На лицах полек появилось кислое выражение, что еще больше разозлило посла. Он готов был вспылить. Бенкендорф понял, что пора спасать начальство, и открыл рот, намереваясь сказать цветистую глупость. Но сказал:

– После встречи императоров на плоту посреди Немана между нами и нашими противниками вошла в обычай изысканная вежливость. Должна ли она скрывать очевидное? Французы видят свой триумф. Мы – новое требование возмездия. Они радуются миру. Мы ждем войны. И готовимся.

Повисла глубокая пауза. Все глаза были устремлены на дерзкого нарушителя приличий. Обычно он молчал. Бенкендорфа считали лицом, близким к августейшей семье, и давно желали услышать его голос. Но никто не ожидал от полковника недипломатической прямоты.

– Что ж, молодой человек, – задумчиво отозвалась кастелянша. – Вы всегда храните безмолвие. Я рада, что первые ваши слова продиктованы честностью. Но позвольте напомнить, что «возмездие» неуместно после подписания мира.

– Да и чего вам ждать от новой войны? Новых поражений? – это подала голос младшая из племянниц кастелянши, графиня Потоцкая.

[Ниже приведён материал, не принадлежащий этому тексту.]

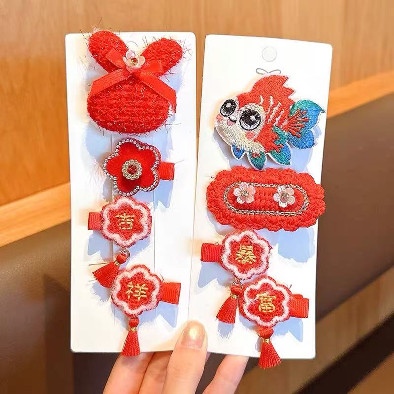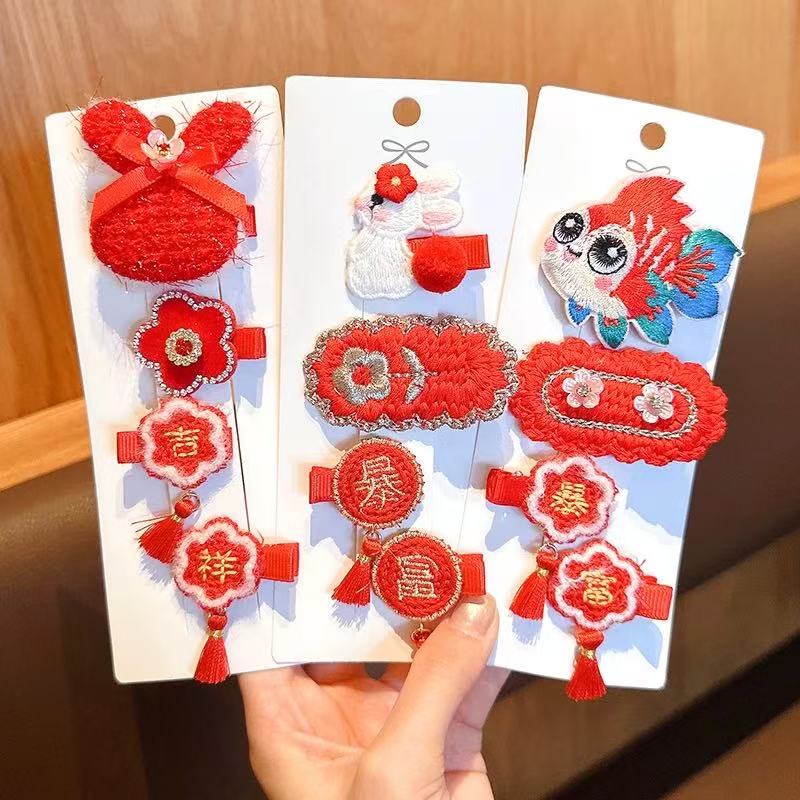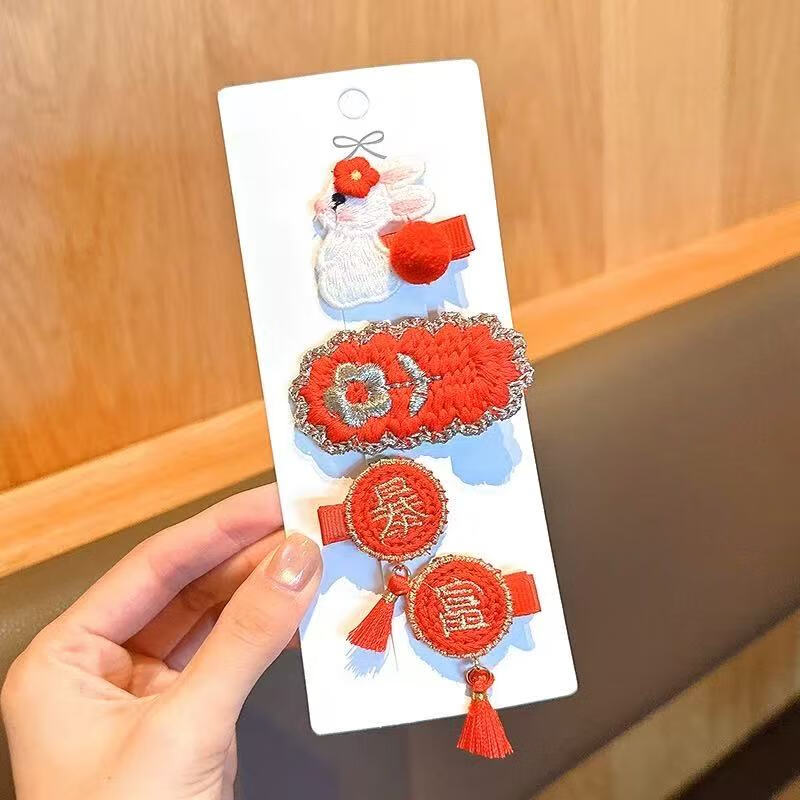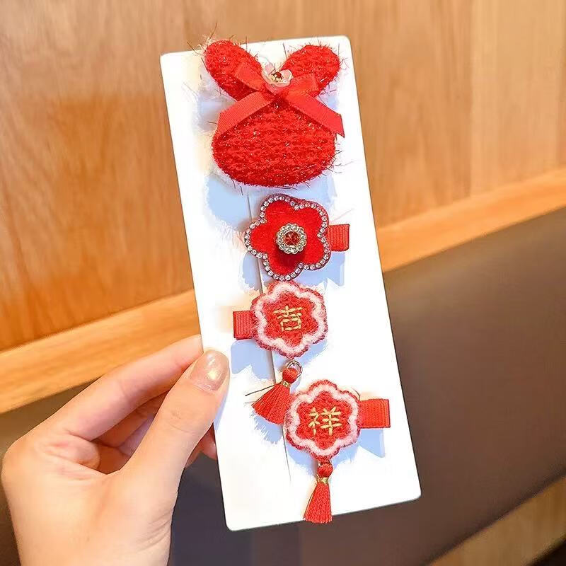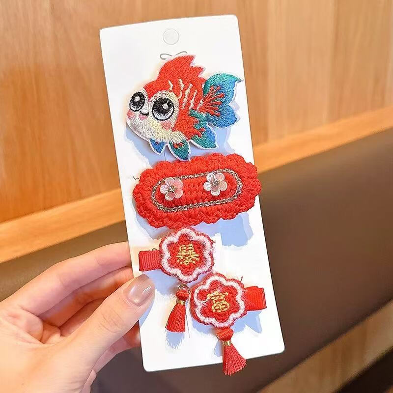 【精选直发】儿童发夹2025年新款女童新年针织发卡中国风红色小女 03#蝴蝶樱桃

Александр Христофорович мог себя поздравить: до сих пор она не удостаивала русских разговором, храня патриотический бойкот. Даже за столом у нее не стоило просить соус. Толстой однажды нагрелся: захотел хлеба – и услышал в ответ:

– Ниц нема.

Перед ними стояла фарфоровая плетенка, полная круглых розанчиков. Тогда только Шурка нашелся, сумев превратить все в шутку:

– Тогда воды.

– Зараз, – пани против воли рассмеялась.

В Польше наполеоновские войска голодали. А когда требовали у крестьян «клиеба», слышали в ответ только: «нема». Но воду им приносили исправно: «зараз, зараз».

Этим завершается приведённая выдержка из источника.